» LISTED RECORDS:
┌──
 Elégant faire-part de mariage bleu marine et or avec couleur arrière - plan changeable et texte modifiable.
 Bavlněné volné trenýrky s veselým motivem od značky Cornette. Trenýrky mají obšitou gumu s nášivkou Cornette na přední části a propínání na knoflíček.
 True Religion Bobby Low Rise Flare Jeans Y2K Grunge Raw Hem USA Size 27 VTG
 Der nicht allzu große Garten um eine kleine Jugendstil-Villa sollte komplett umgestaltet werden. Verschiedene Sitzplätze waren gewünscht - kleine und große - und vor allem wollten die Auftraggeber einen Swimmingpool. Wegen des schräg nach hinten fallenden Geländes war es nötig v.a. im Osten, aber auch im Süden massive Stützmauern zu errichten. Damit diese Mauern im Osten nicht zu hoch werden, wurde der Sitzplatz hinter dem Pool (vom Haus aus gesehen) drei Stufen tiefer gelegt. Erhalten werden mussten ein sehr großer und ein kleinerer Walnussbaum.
└──
┌──
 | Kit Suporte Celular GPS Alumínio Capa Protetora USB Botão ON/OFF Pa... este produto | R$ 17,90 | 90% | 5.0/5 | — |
└──
┌──
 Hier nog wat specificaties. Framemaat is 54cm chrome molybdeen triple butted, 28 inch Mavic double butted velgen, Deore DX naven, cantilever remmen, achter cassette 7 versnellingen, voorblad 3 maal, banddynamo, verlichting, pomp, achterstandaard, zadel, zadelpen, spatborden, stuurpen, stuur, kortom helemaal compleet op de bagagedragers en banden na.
└──
» WHAT THIS TASK INVOLVES:
The lines above from the one containing "Elégant faire-part de" through the one containing "Der nicht allzu" are to be set down exactly, and no others.

» ANSWER SPACE:
 Elégant faire-part de mariage bleu marine et or avec couleur arrière - plan changeable et texte modifiable.
 Bavlněné volné trenýrky s veselým motivem od značky Cornette. Trenýrky mají obšitou gumu s nášivkou Cornette na přední části a propínání na knoflíček.
 True Religion Bobby Low Rise Flare Jeans Y2K Grunge Raw Hem USA Size 27 VTG
 Der nicht allzu große Garten um eine kleine Jugendstil-Villa sollte komplett umgestaltet werden. Verschiedene Sitzplätze waren gewünscht - kleine und große - und vor allem wollten die Auftraggeber einen Swimmingpool. Wegen des schräg nach hinten fallenden Geländes war es nötig v.a. im Osten, aber auch im Süden massive Stützmauern zu errichten. Damit diese Mauern im Osten nicht zu hoch werden, wurde der Sitzplatz hinter dem Pool (vom Haus aus gesehen) drei Stufen tiefer gelegt. Erhalten werden mussten ein sehr großer und ein kleinerer Walnussbaum.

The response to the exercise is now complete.